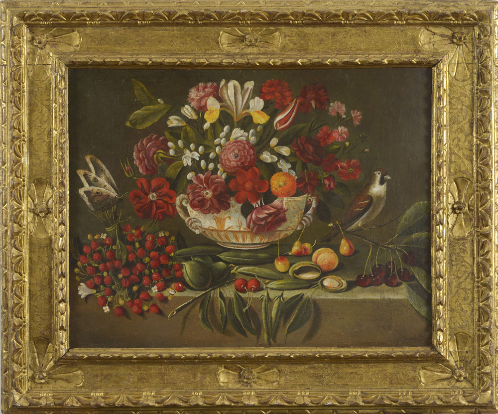Scuola fiamminga Natura di fiori e frutti cornice Olio su tela, in cornice...
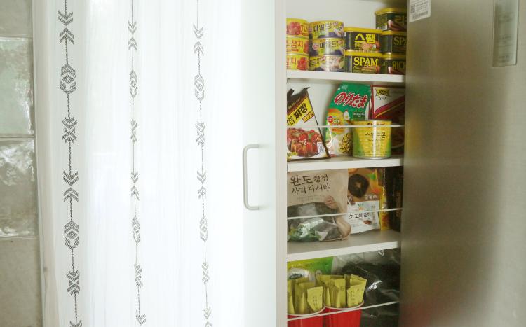 좁은 부엌에는 수납이 제일 중요하지요. 수납을 위해서 슬라이딩 틈새 수납장을 두어 통조림이나 전 식품을 보관하고 있어요. 냉장고 옆 20센티만 있으면 수납공간이 생겨서 너무나 유용하게 쓰고 있답니다.
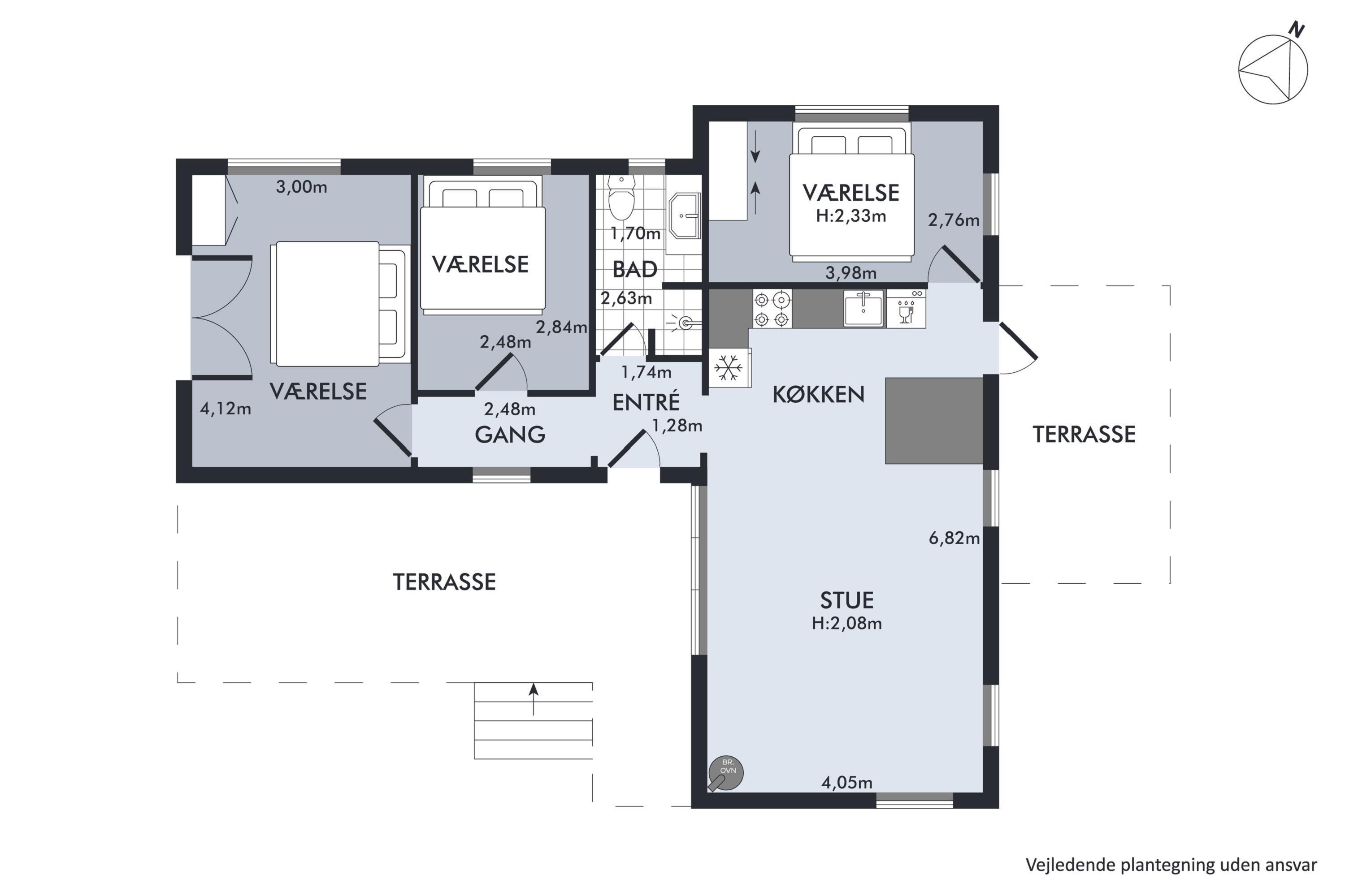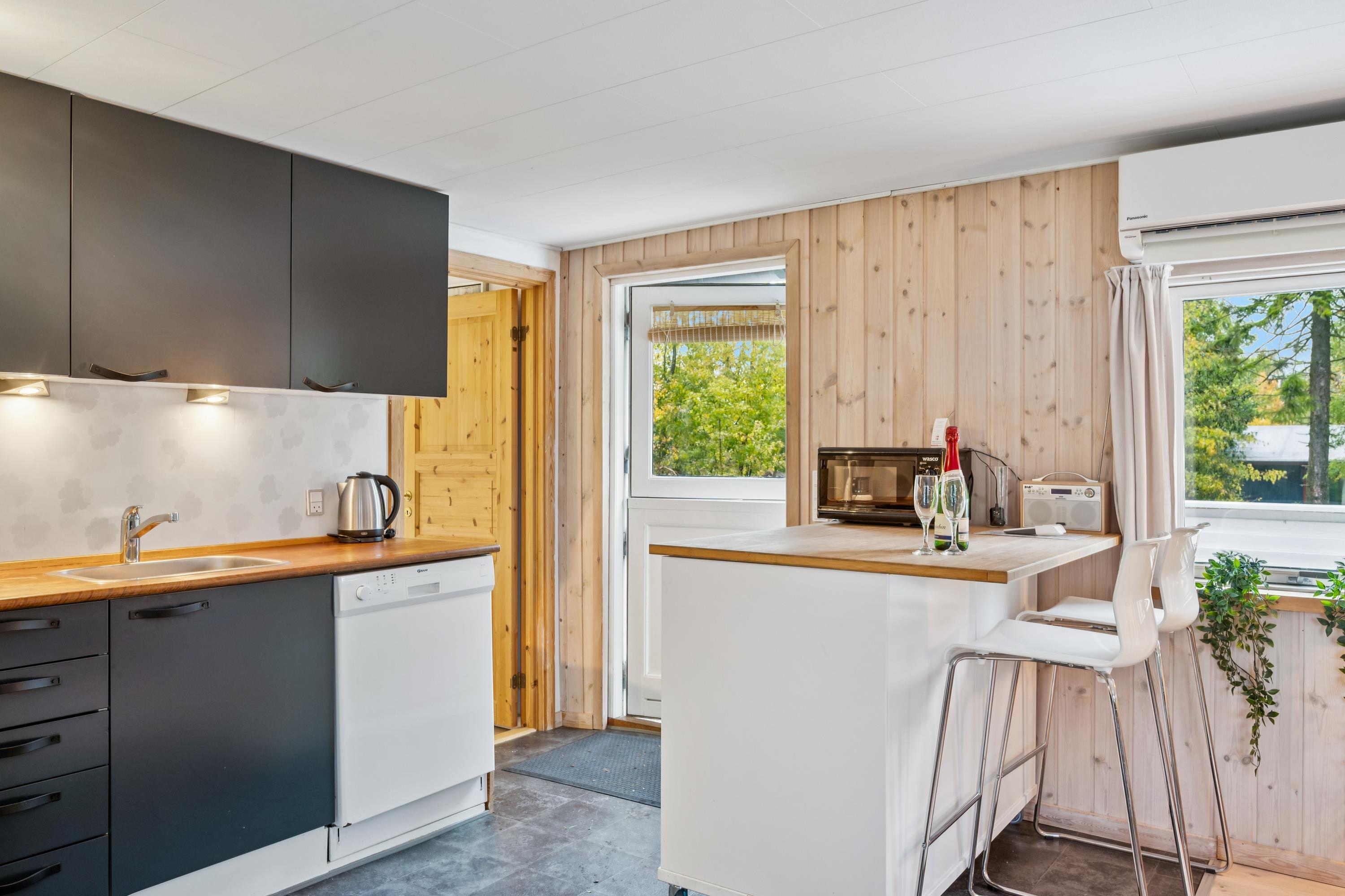 Huset fremstår lyst og indbydende med stor stue i åben forbindelse med køkken og med udgang til terrasse og have. Her er spiseplads til 6 personer, brændeovn samt fjernsyn med danske (inkl. TV2) og tyske kanaler. Nyere køkken med god arbejdsplads og indrettet med keramisk komfur med ovn, køle-/fryseskab og opvaskemaskine. Huset råder over 3 gode soveværelser, 2 med dobbeltseng og 1 med dobbelt sovesofa, i alt 6 sovepladser. Fint og rummeligt badeværelse med bruseniche og gulvvarme. Der er internetadgang.

== == ==

> [WHAT THE EXERCISE ASKS]
Using the material above, return every line exactly as it appears, minus the pictures.

> [FINISHED TASK]
Scuola fiamminga Natura di fiori e frutti cornice Olio su tela, in cornice...
 좁은 부엌에는 수납이 제일 중요하지요. 수납을 위해서 슬라이딩 틈새 수납장을 두어 통조림이나 전 식품을 보관하고 있어요. 냉장고 옆 20센티만 있으면 수납공간이 생겨서 너무나 유용하게 쓰고 있답니다.
 Huset fremstår lyst og indbydende med stor stue i åben forbindelse med køkken og med udgang til terrasse og have. Her er spiseplads til 6 personer, brændeovn samt fjernsyn med danske (inkl. TV2) og tyske kanaler. Nyere køkken med god arbejdsplads og indrettet med keramisk komfur med ovn, køle-/fryseskab og opvaskemaskine. Huset råder over 3 gode soveværelser, 2 med dobbeltseng og 1 med dobbelt sovesofa, i alt 6 sovepladser. Fint og rummeligt badeværelse med bruseniche og gulvvarme. Der er internetadgang.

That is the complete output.